As for character strings or other variable-length objects that can be viewed as tuples of the form \((x_0, x_1, x_2, \dots, x_{n-1})\), where the order of the \(x_i\) is significant. To compute the hash code, we choose a non-zero constant \(a \neq 1\):

\[x_{0}a^{n-1} + x_{1}a^{n-2} + \dots + x_{n-2}a + x_{n-1}\]

This method is also known as polynomial hash code. The following is how Java does when the string is in Latin encode²:

public static int hashCode(byte[] value) {
    int h = 0;
    for (byte v : value) {
        h = 31 * h + v;
    }
    return h;
}

Compound keys

If the key type has multiple fields, we can typically mix them together in the way just described for String values.

class PhoneNumber {
    private short areaCode;
    private short prefix;
    private short lineNum;
    ...
}

Then its hash code can be computed as:

\[(31 \times areaCode + prefix) \times 31 + lineNum\]

Compression function

Since our goal is an array index, not a 32-bit integer, we need to perform a compression function on the hash code. If keys are short non-negative integers, the compression function itself is the hash function. In what follows, we introduce three common compression functions for hashing.

The division method

The division method for creating functions maps a key (hash code) k into one of m slots by taking the remainder of k divided by m. That is, the compression function is:

\[h(k) = k \ mod \ m\]

Note that m should be a prime. Otherwise, it may be the case that not all the bits of the key play a role, which amounts to missing an opportunity to disperse the values evenly. For example, if the keys are base-10 numbers and m is \(10^k\), then only the k least significant digits are used.

The multiplication method

The general multiplication method for creating compression function operates in two steps:

1. Multiply the key (hash code) k by a constant A in the range \(0 < A < 1\), and extract the fractional part of kA
2. Multiply this value by m and take the floor of the result

That is, the compression function is

\[h(k) = \lfloor m(kA \ mod \ 1)\rfloor\]

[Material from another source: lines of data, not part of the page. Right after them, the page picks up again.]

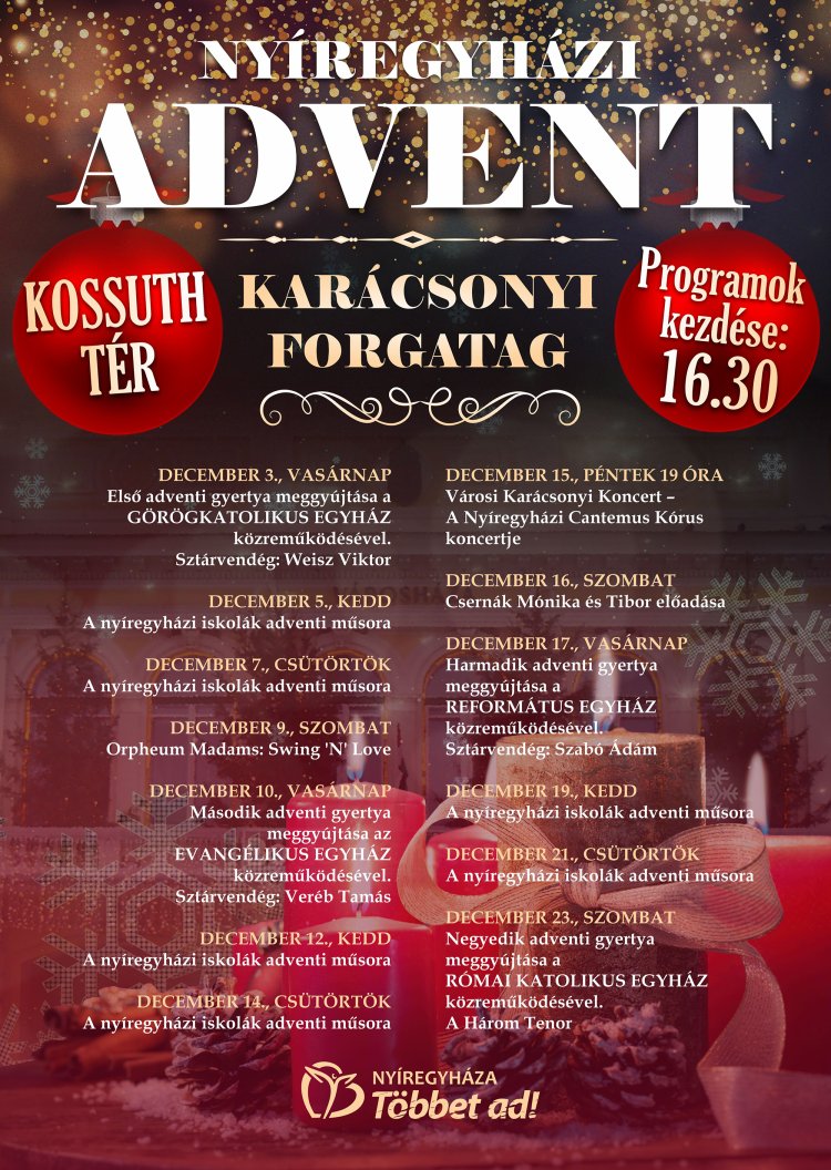 – tájékoztatott az adventi programokról a polgármester, dr. Kovács Ferenc. A háromhetesre szűkült adventet úgy lehet megnyújtani, hogy november 25-én már kinyit a forgatag. A motoros Mikulások aztán advent első vasárnapján, december 3-án a Nyír Plaza parkolójából indulnak egy jótékonysági felvonulás keretében a Kossuth térre. A korábbiaknál gazdagabb és teljesebb adventi programról szólt a nyíregyházi adventi sajtótájékoztató.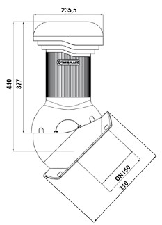 Kominek regulowany nieocieplony (0-50 st.) do blachodachówek średnica kanału wentylacyjnego 150 mm, wysoki 44 cm.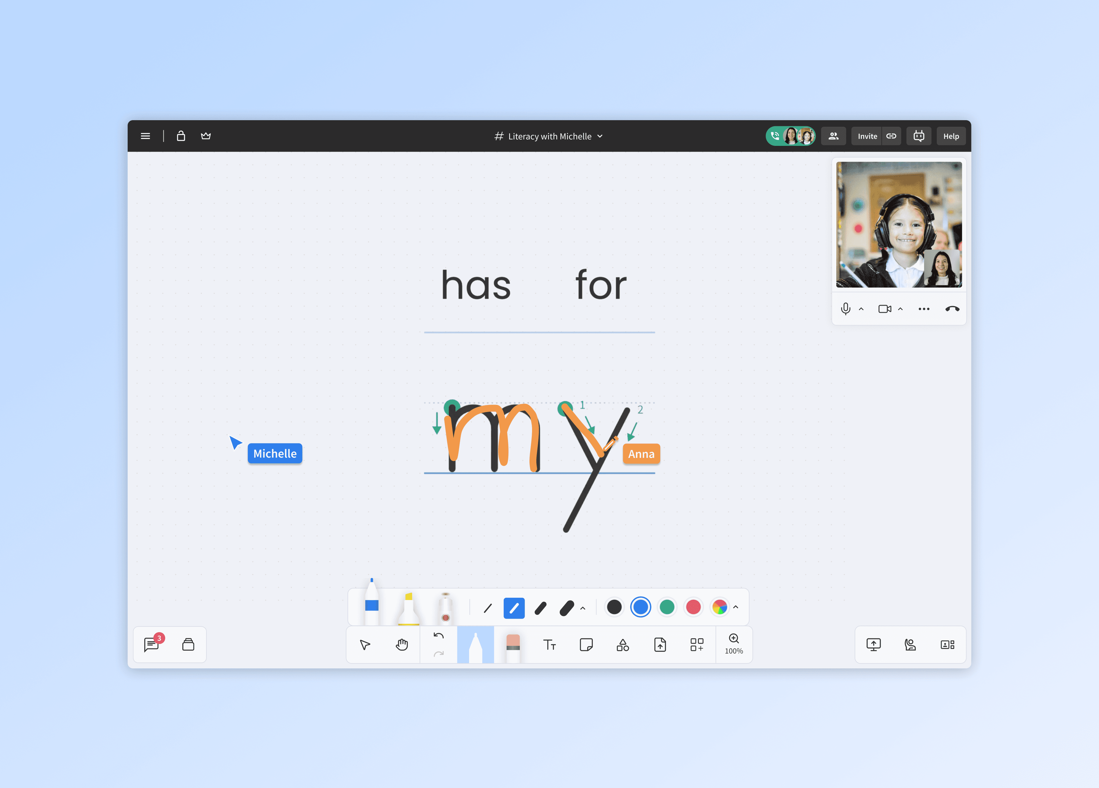 A digital whiteboard to place, share, and work with instructional content.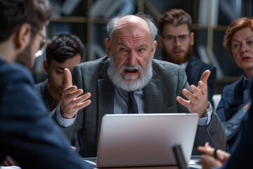 Active Senior business man in Modern Office Environment, morning tense meeting with colleagues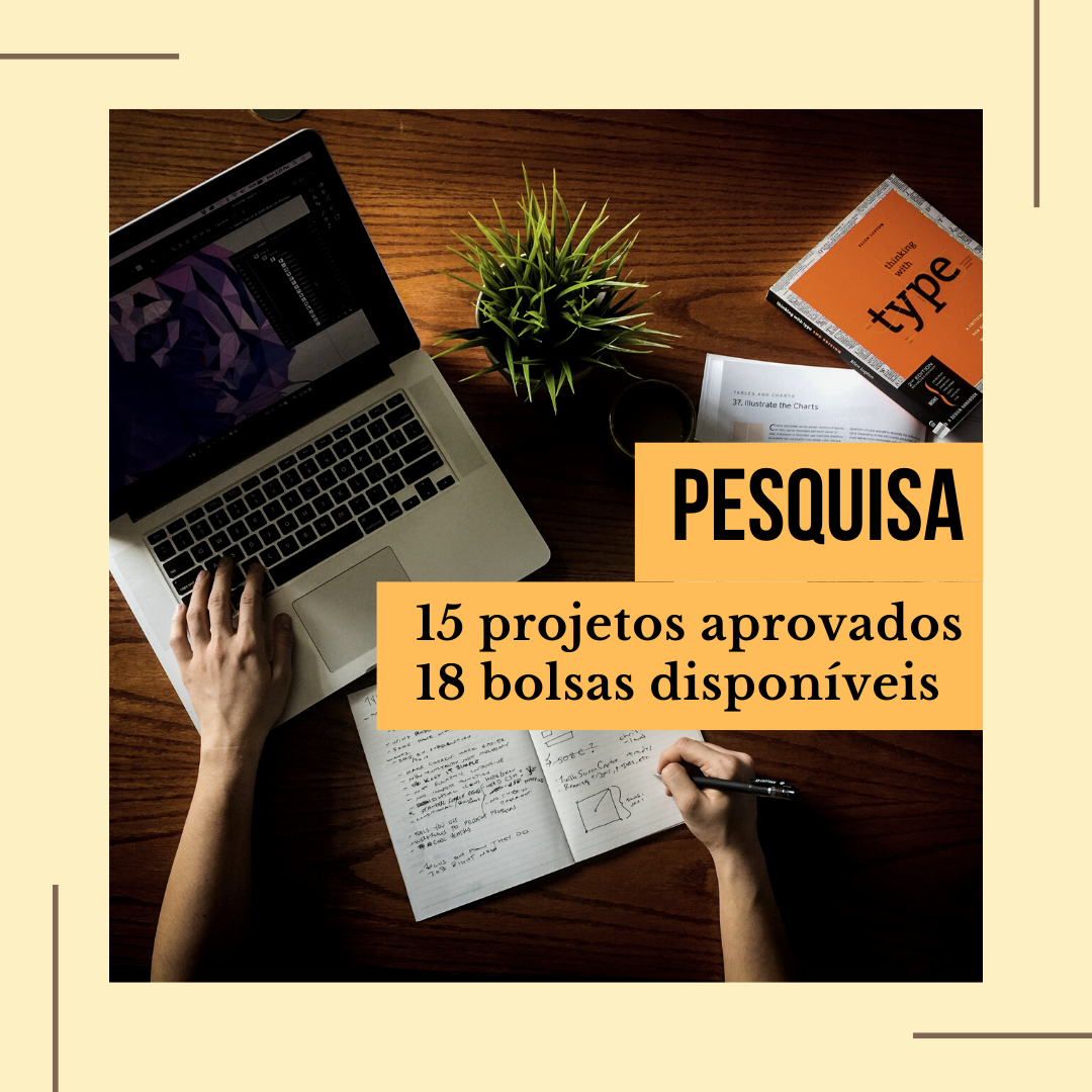 Número de bolsas: 7 bolsas para graduação, 2 bolsas para Ensino Médio e 1 bolsa para Pós-Graduação, com 1 ano de duração.

The general multiplication method has the advantage that the value of m is not critical and you can choose it independently of how you choose the multiplicative constant A. In practice, the multiplication method is best in the special case where the number m of hash-table slots is an exact power of 2,

The MAD method

A more sophisticated compression function, which helps eliminate repeated patterns in a set of integer keys, is the Multiply-Add-and-Divide (or "MAD") method. This method maps an integer k to

\[((ak + b)\ mod \ p)\ mod \ m\]

where p is a prime number larger than m, and a and b are integers chosen at random from the interval [0, p − 1], with a > 0.

¹ The size of Python's hash codes depend on the machine architecture. See more at hash().

² We omitted the mask code here for simplicity. The real code inside for is h = 31 * h + (v & 0xff). The use of a small prime integer such as 31 ensures that the bits of all the characters play a role.